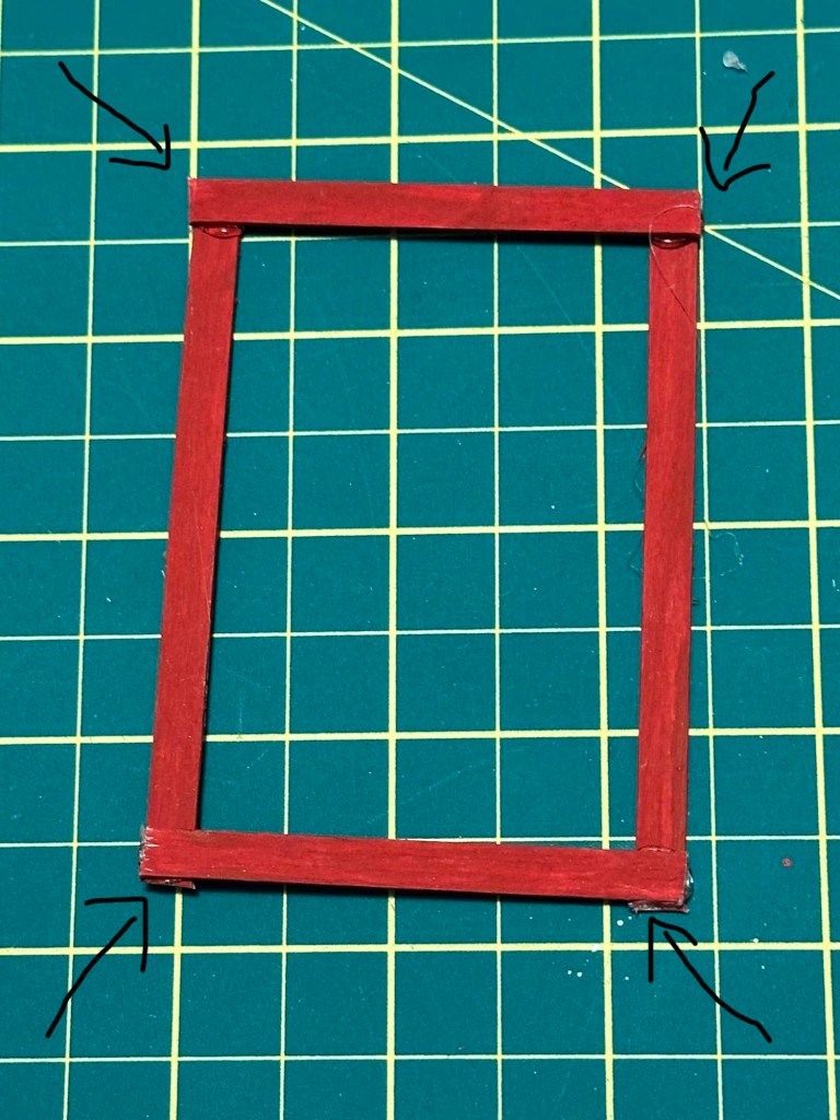 Don’t assemble the boxes top, side, bottom, side. Instead, place your two side pieces and glue the top and bottom on. The corners at the arrows should be assembled the same way.
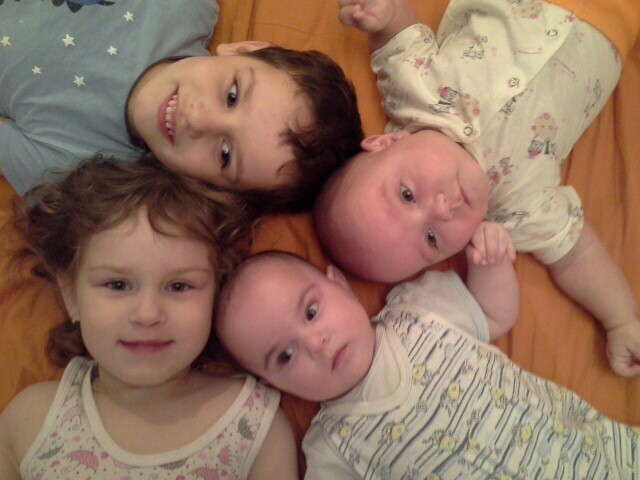 А родители рядом на коврике спят?))) Все хотела спросить, вам же старшие помогают, возятся с младшими?
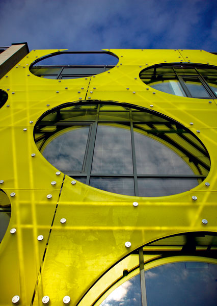 Pravdupovediac, veľmi sme nad tým nešpekulovali. Od začiatku nás viedlo odhodlanie, že to jednoducho chceme spraviť, aj keď sme museli presviedčať vlastného statika. Nebol priestor na pochybnosti. Nechceli sme sa vzdať predstavy, s ktorou sme vyhrali súťaž a ktorú si obľúbil aj investor. Ani jeden z tradičných materiálov však nášmu riešeniu nevyhovoval – sklo bolo príliš ťažké, sieťka vyzerala lacno, plachta neesteticky… Jediným materiálom s potrebnými vlastnosťami bol plast. Tým sa položili mantinely a my sme boli nútení urobiť výskum, lebo ináč by sme fasádu neboli zrealizovali podľa našich predstáv.
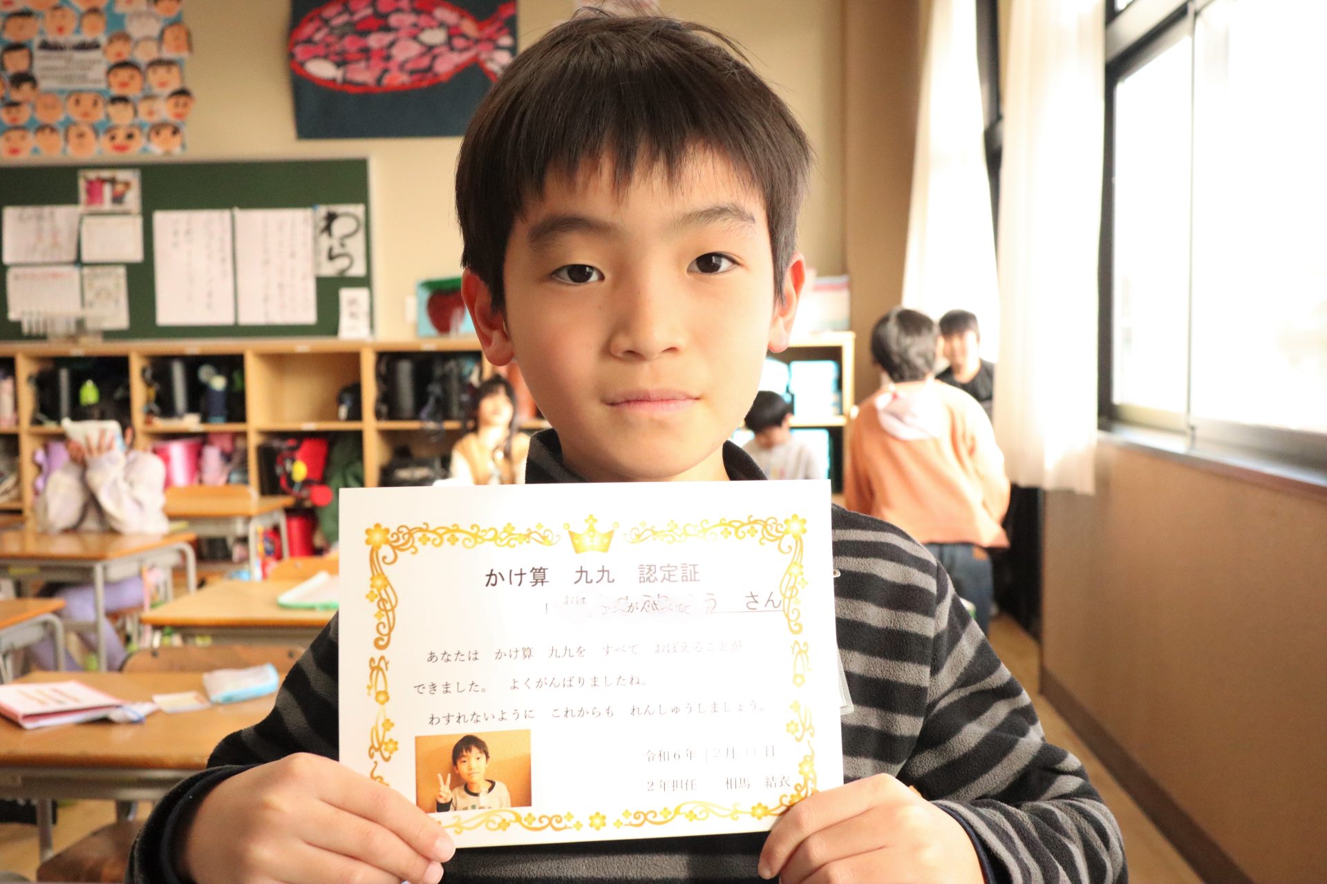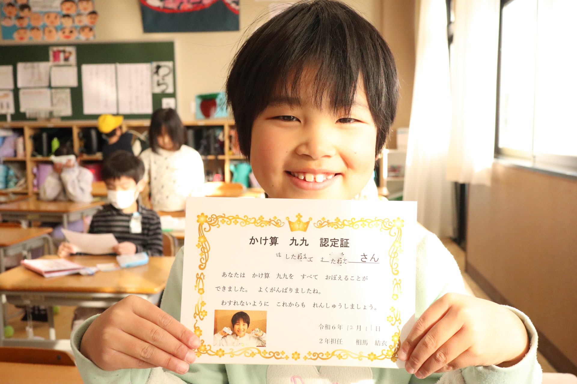 2024.12.13 2年生 今週の2年生 管理者学校 生活科の授業では、身近な物でおもちゃを作ってきました。そのおもちゃは1年生に遊んでもらえるように、いろいろと遊び方を工夫して考えてきました。今日は、2年生だけでおもちゃ屋さん、お客さんに分かれて練習してみました。実際に遊んでもらうと、直した方がいいところや場所の使い方などと改善点が出てきました。来週はその改善点を直し、冬休み前に1年生を招待しようと考えています。 今週もかけ算九九を頑張っています。ぞくぞくと合格者が増えてきました。 #2年生
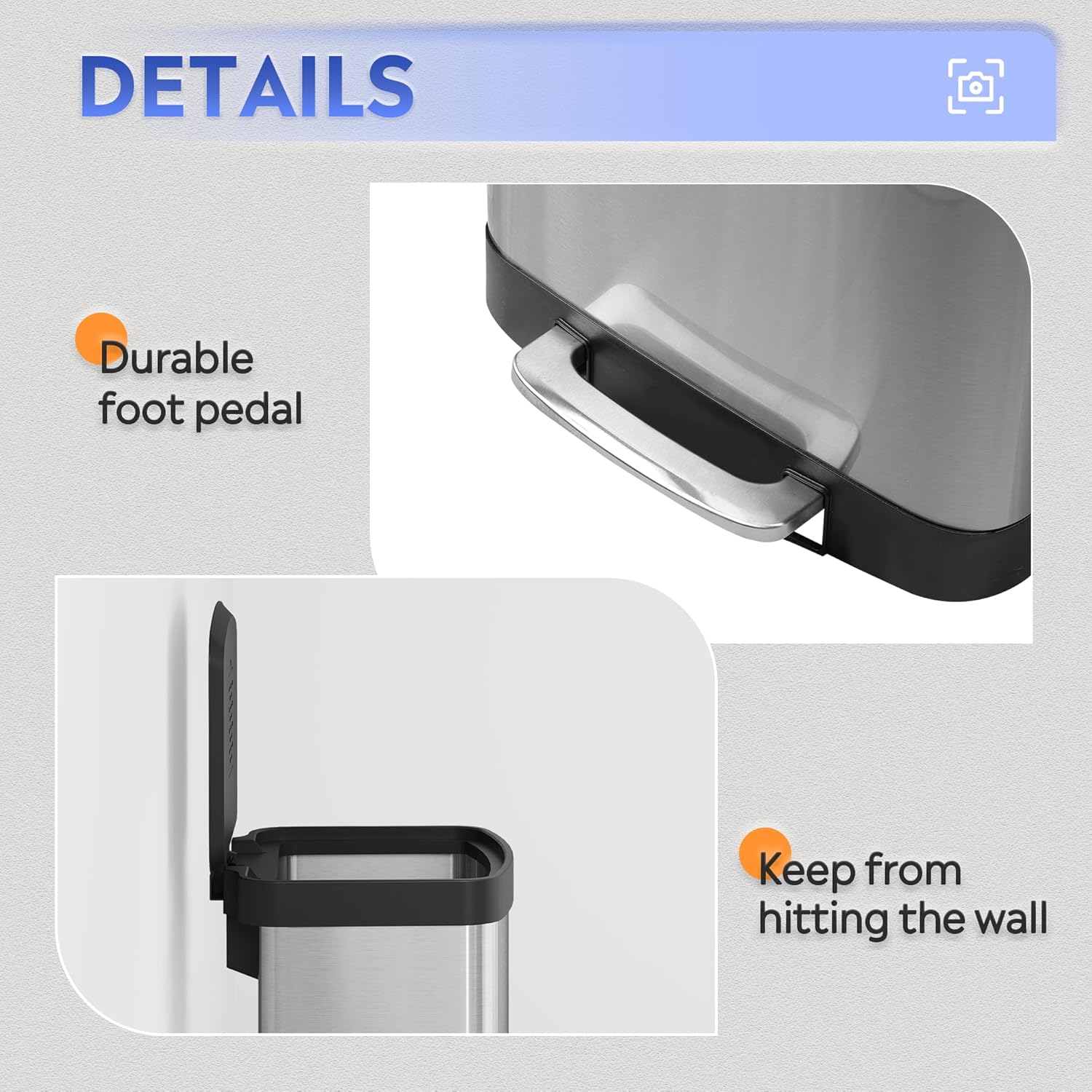 - 【Heavy-Duty Foot Pedal】Enjoy hands-free operation with a durable steel pedal, tested to withstand over 200,000 steps—perfect for everyday use. No need to bend or touch the lid, keeping your hands clean.

○ ○ ○ ○

Work to be completed: Quote, exactly and only, the lines from the first line of the data above through the line containing "А родители рядом". The pictures do not belong in it.

Output:
 Don’t assemble the boxes top, side, bottom, side. Instead, place your two side pieces and glue the top and bottom on. The corners at the arrows should be assembled the same way.
 А родители рядом на коврике спят?))) Все хотела спросить, вам же старшие помогают, возятся с младшими?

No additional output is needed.